**EXERCISE INSTRUCTIONS**. Please give back each line of the material unchanged, but without the images.

**DATA SHOWN**.
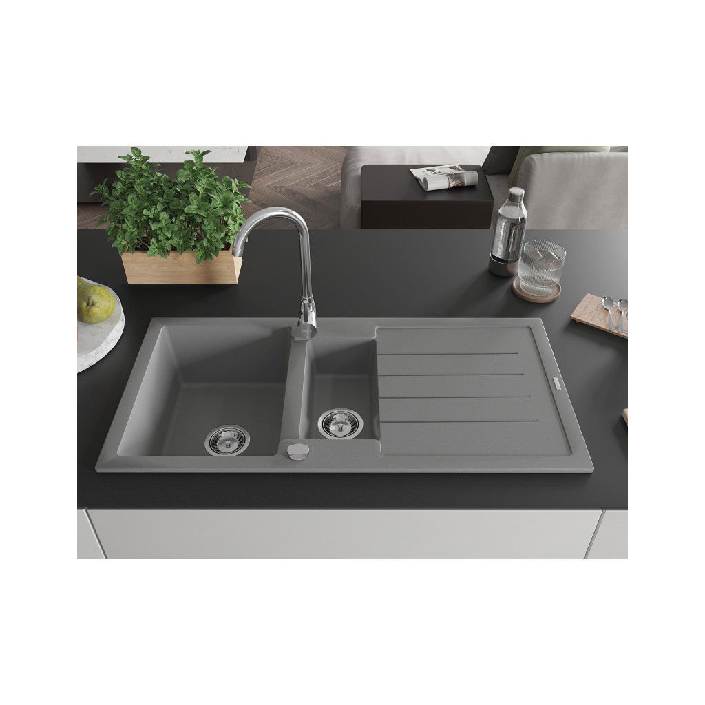 Mexen Andres 1,5-komorový granitový kuchynský drez s odkvapkávačom 100x50 cm a kuchynská batéria Telma, šedá, 6515-71-670200-00
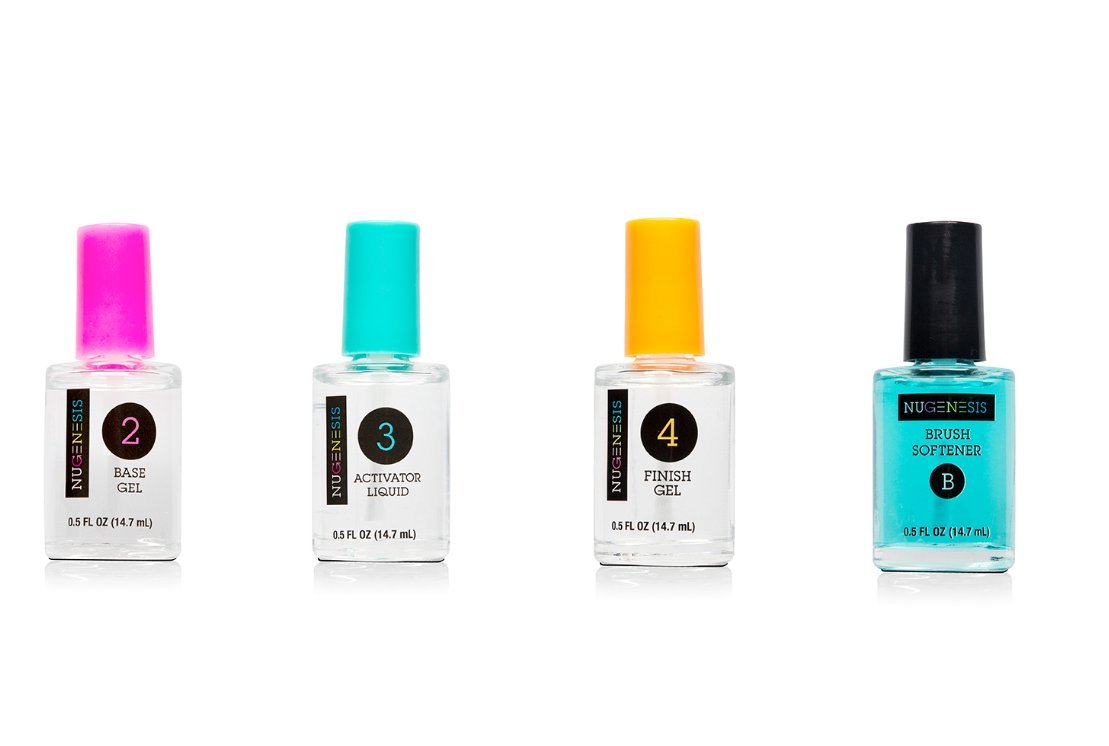 - Set of 4 - Base Coat, Activator, Finish Gel and Brush saver
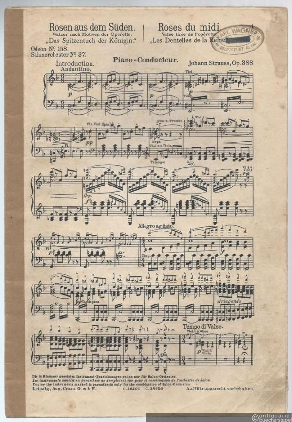 Rosen aus dem Süden, Op. 388. Walzer nach Motiven der Operette: Das Spitzentuch der Königin (= Odeon No. 158. Salonorchester No. 37). 12 Stimmen.
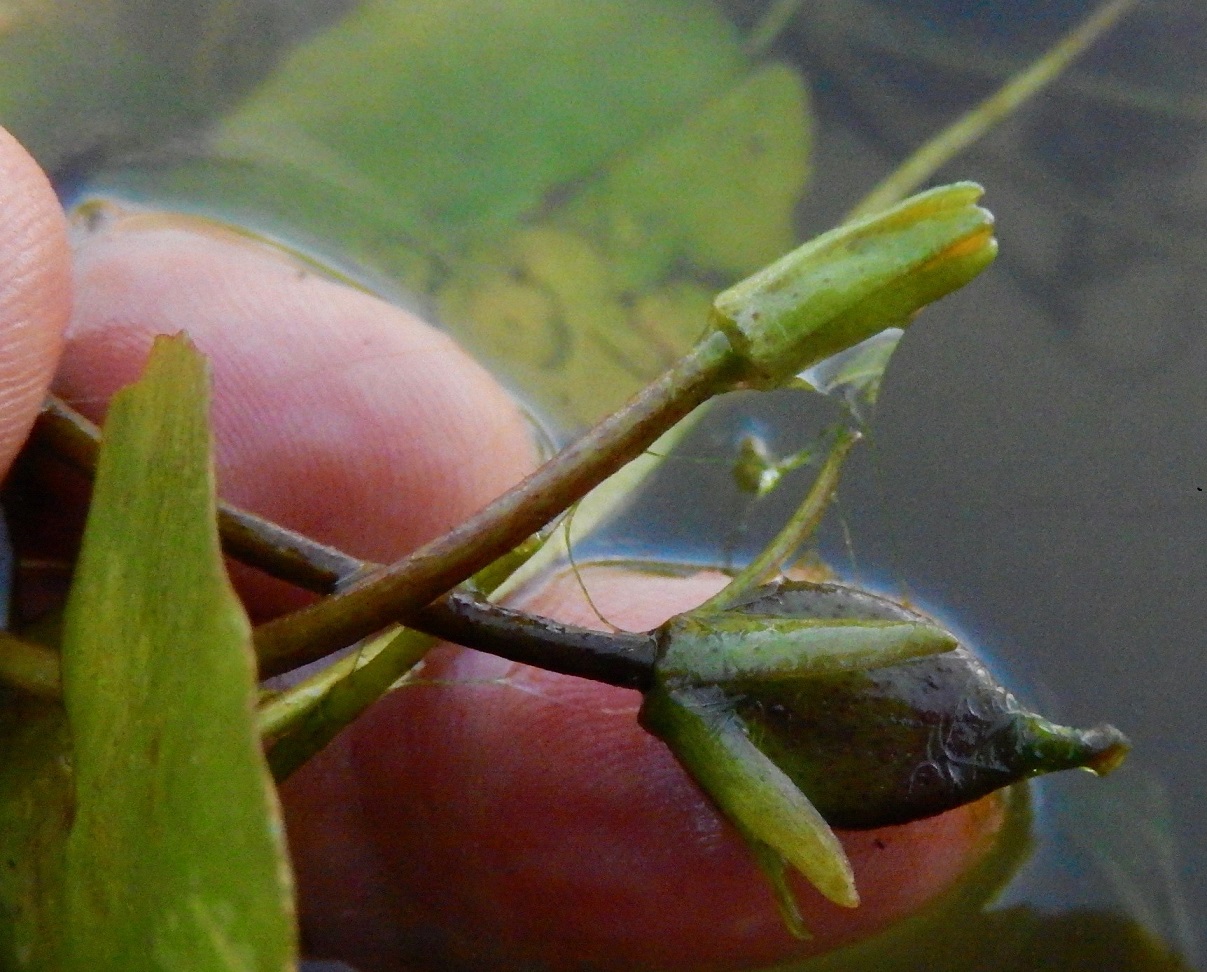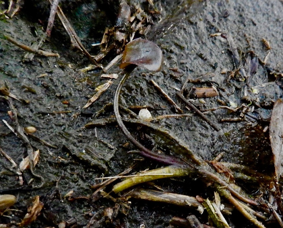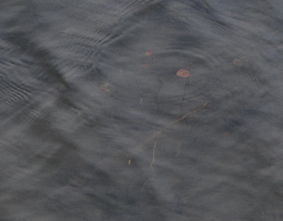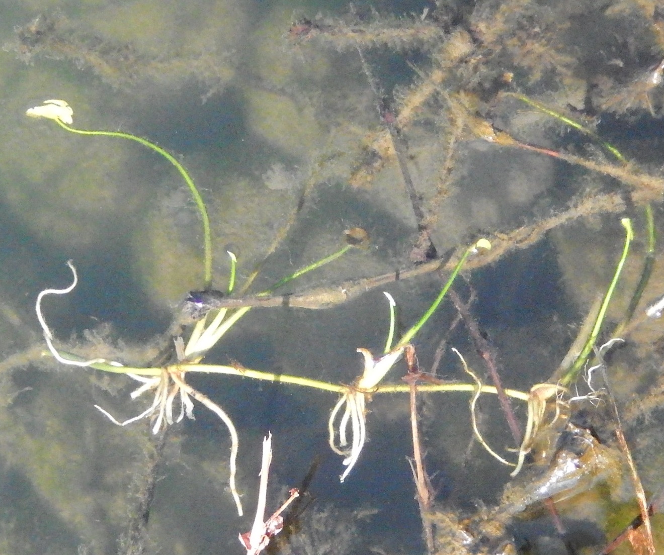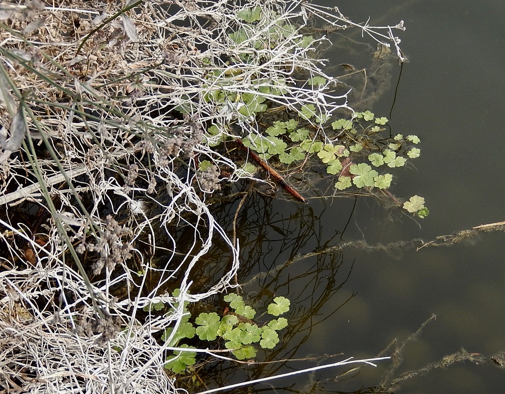 冬のアサザは浮葉がなくなり,春をまつ赤い小さな沈水葉のみになります。茎は大部分かれ,節の部分に根を形成しているのがよく見られます。場合によってはそれぞれが千切れて流れていきます。

**WRITTEN RESPONSE**.
 Mexen Andres 1,5-komorový granitový kuchynský drez s odkvapkávačom 100x50 cm a kuchynská batéria Telma, šedá, 6515-71-670200-00
 - Set of 4 - Base Coat, Activator, Finish Gel and Brush saver
 Rosen aus dem Süden, Op. 388. Walzer nach Motiven der Operette: Das Spitzentuch der Königin (= Odeon No. 158. Salonorchester No. 37). 12 Stimmen.
 冬のアサザは浮葉がなくなり,春をまつ赤い小さな沈水葉のみになります。茎は大部分かれ,節の部分に根を形成しているのがよく見られます。場合によってはそれぞれが千切れて流れていきます。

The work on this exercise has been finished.